* _What is expected_
Reproduction without pictures: print every entry precisely as written.

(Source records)
━━━━━━━━

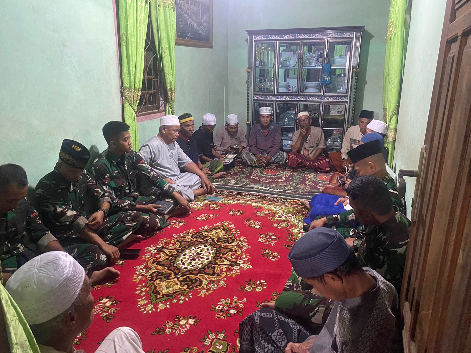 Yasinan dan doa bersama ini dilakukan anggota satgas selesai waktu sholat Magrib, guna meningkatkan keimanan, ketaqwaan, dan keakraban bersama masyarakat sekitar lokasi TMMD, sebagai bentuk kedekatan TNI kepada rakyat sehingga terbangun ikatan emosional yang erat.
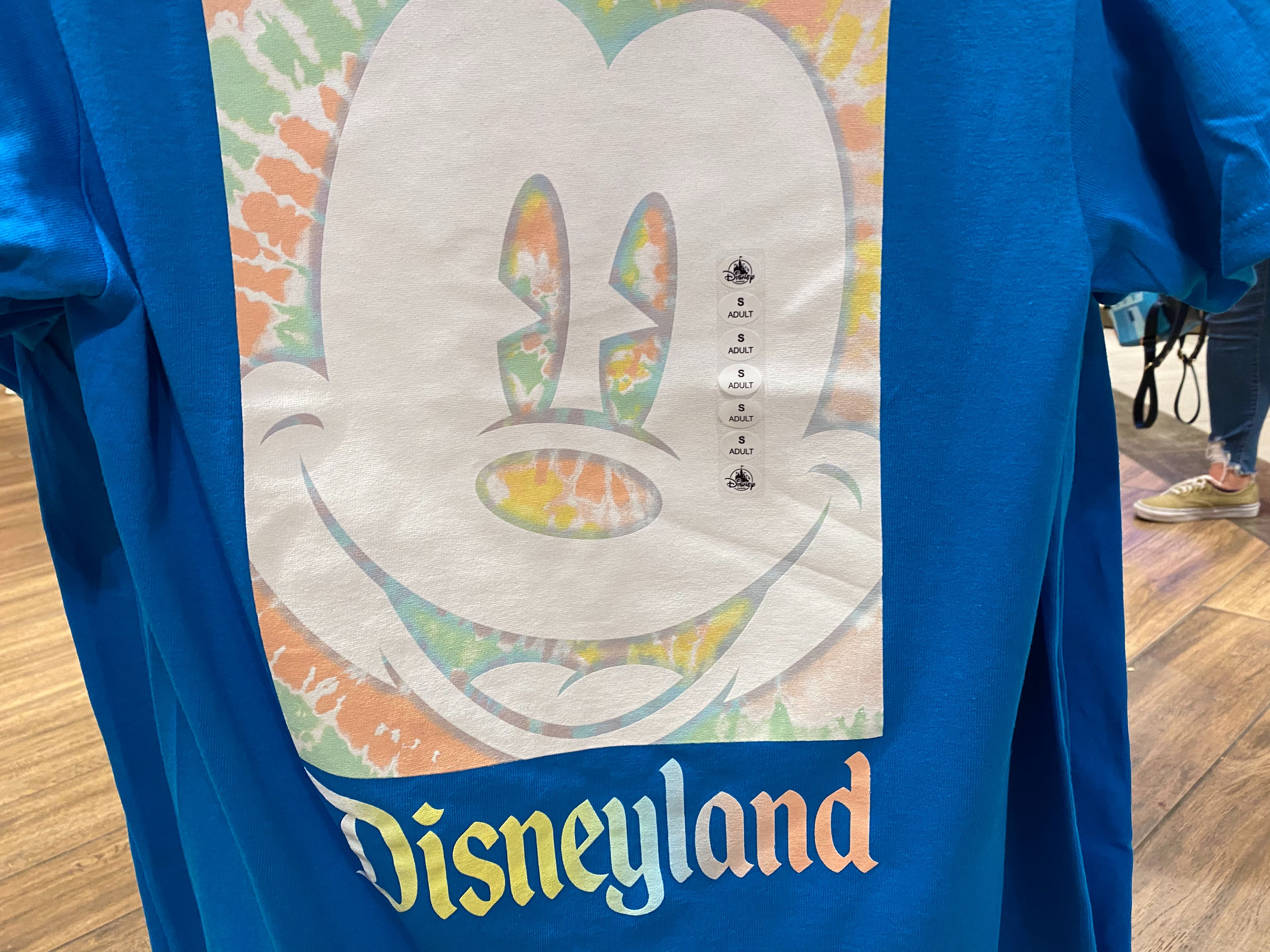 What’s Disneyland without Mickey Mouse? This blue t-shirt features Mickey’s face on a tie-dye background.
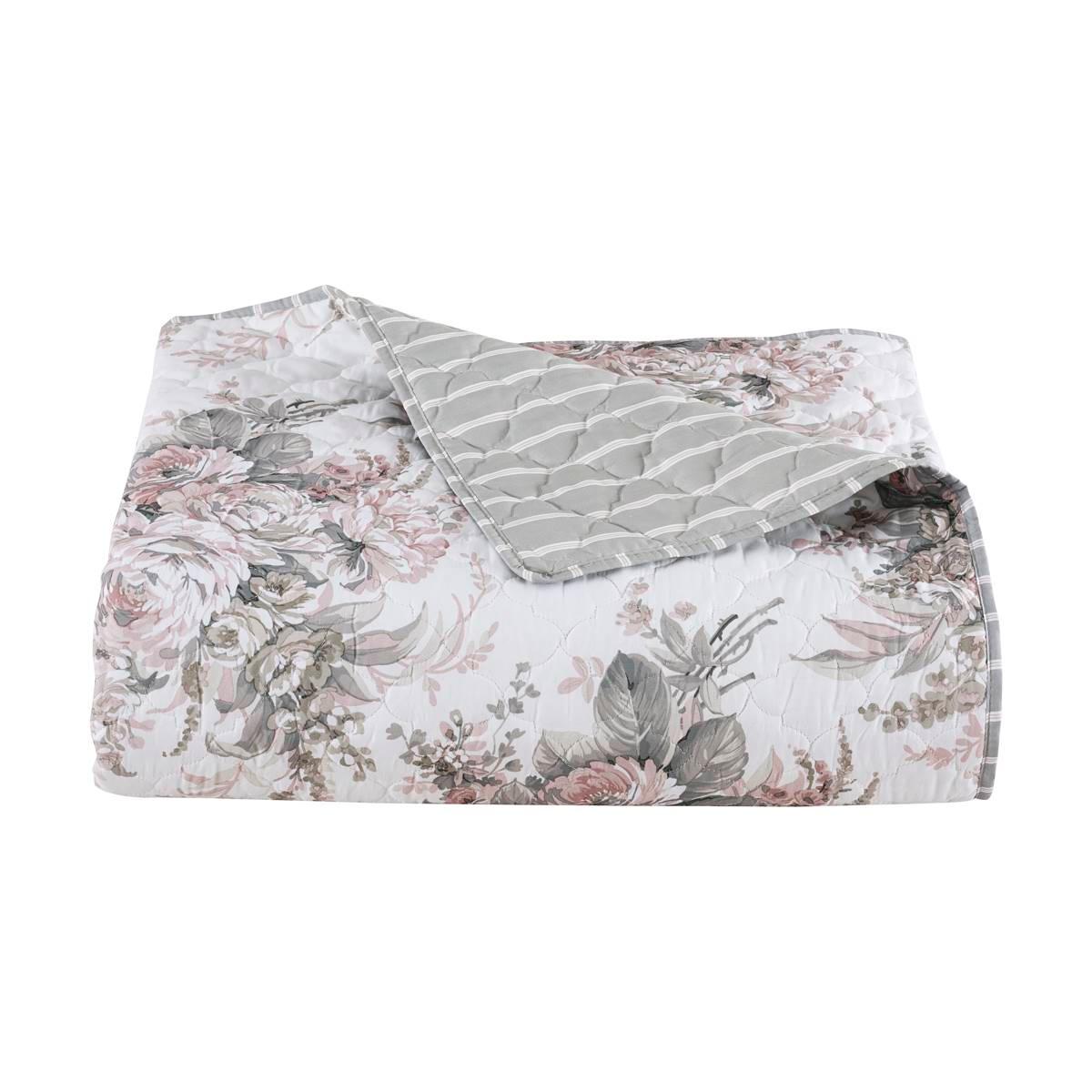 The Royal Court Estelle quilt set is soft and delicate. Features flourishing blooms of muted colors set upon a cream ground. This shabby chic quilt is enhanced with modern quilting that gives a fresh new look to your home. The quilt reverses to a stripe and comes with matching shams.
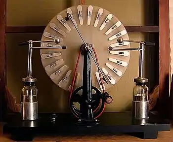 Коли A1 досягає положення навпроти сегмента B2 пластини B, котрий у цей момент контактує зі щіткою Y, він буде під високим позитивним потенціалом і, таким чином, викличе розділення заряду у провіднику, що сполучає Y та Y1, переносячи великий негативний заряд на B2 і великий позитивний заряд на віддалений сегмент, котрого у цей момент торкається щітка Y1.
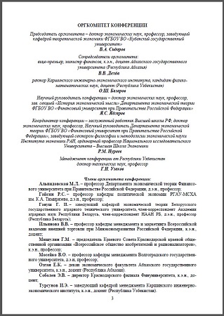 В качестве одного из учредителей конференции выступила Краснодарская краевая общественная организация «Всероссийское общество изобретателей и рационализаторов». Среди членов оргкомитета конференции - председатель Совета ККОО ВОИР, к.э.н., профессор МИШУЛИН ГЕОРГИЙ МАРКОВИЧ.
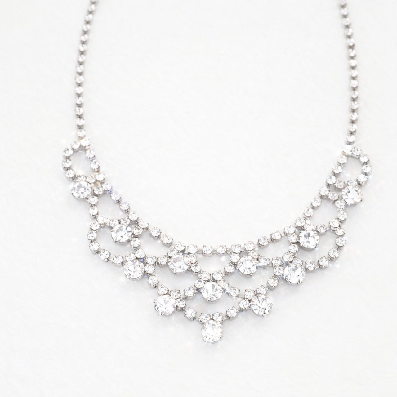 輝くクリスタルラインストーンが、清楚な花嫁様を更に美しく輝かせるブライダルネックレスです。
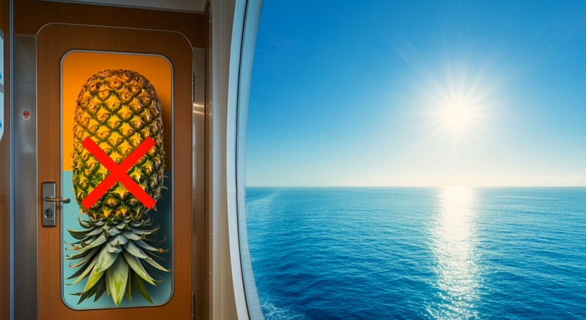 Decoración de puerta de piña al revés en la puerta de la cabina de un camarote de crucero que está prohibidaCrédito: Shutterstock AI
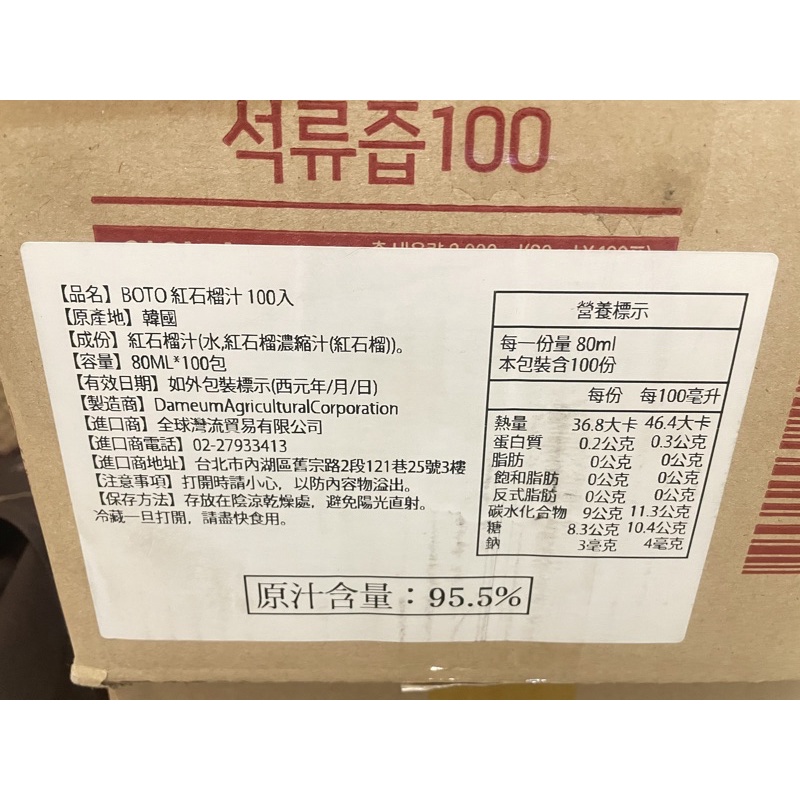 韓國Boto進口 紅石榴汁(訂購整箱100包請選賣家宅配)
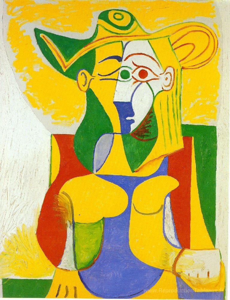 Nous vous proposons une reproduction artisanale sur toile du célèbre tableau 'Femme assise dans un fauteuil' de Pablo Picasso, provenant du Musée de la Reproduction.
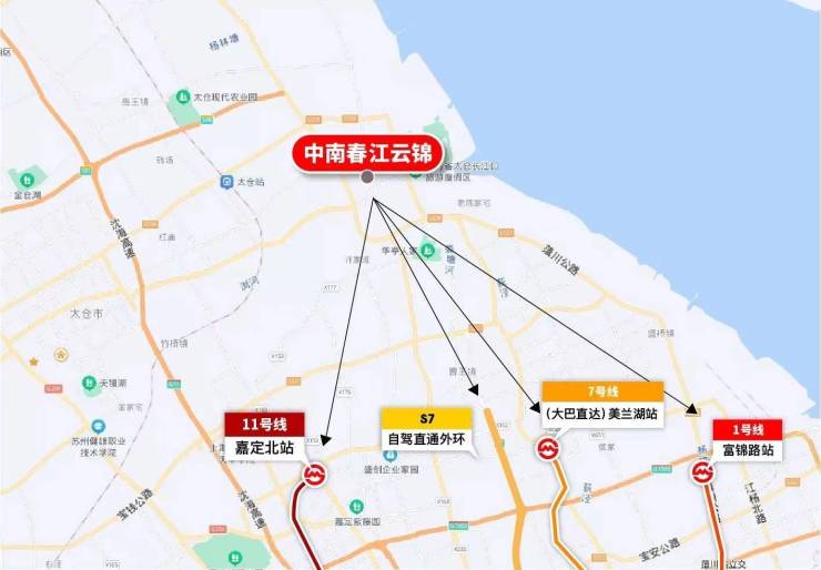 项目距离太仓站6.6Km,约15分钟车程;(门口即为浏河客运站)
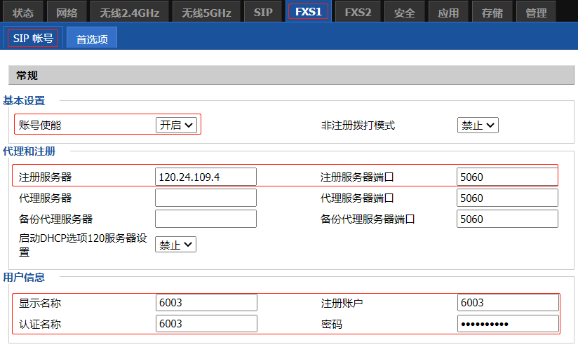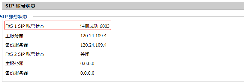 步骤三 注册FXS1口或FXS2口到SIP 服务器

━━━━━━━━

* _Task output_
 Yasinan dan doa bersama ini dilakukan anggota satgas selesai waktu sholat Magrib, guna meningkatkan keimanan, ketaqwaan, dan keakraban bersama masyarakat sekitar lokasi TMMD, sebagai bentuk kedekatan TNI kepada rakyat sehingga terbangun ikatan emosional yang erat.
 What’s Disneyland without Mickey Mouse? This blue t-shirt features Mickey’s face on a tie-dye background.
 The Royal Court Estelle quilt set is soft and delicate. Features flourishing blooms of muted colors set upon a cream ground. This shabby chic quilt is enhanced with modern quilting that gives a fresh new look to your home. The quilt reverses to a stripe and comes with matching shams.
 Коли A1 досягає положення навпроти сегмента B2 пластини B, котрий у цей момент контактує зі щіткою Y, він буде під високим позитивним потенціалом і, таким чином, викличе розділення заряду у провіднику, що сполучає Y та Y1, переносячи великий негативний заряд на B2 і великий позитивний заряд на віддалений сегмент, котрого у цей момент торкається щітка Y1.
 В качестве одного из учредителей конференции выступила Краснодарская краевая общественная организация «Всероссийское общество изобретателей и рационализаторов». Среди членов оргкомитета конференции - председатель Совета ККОО ВОИР, к.э.н., профессор МИШУЛИН ГЕОРГИЙ МАРКОВИЧ.
 輝くクリスタルラインストーンが、清楚な花嫁様を更に美しく輝かせるブライダルネックレスです。
 Decoración de puerta de piña al revés en la puerta de la cabina de un camarote de crucero que está prohibidaCrédito: Shutterstock AI
 韓國Boto進口 紅石榴汁(訂購整箱100包請選賣家宅配)
 Nous vous proposons une reproduction artisanale sur toile du célèbre tableau 'Femme assise dans un fauteuil' de Pablo Picasso, provenant du Musée de la Reproduction.
 项目距离太仓站6.6Km,约15分钟车程;(门口即为浏河客运站)
 步骤三 注册FXS1口或FXS2口到SIP 服务器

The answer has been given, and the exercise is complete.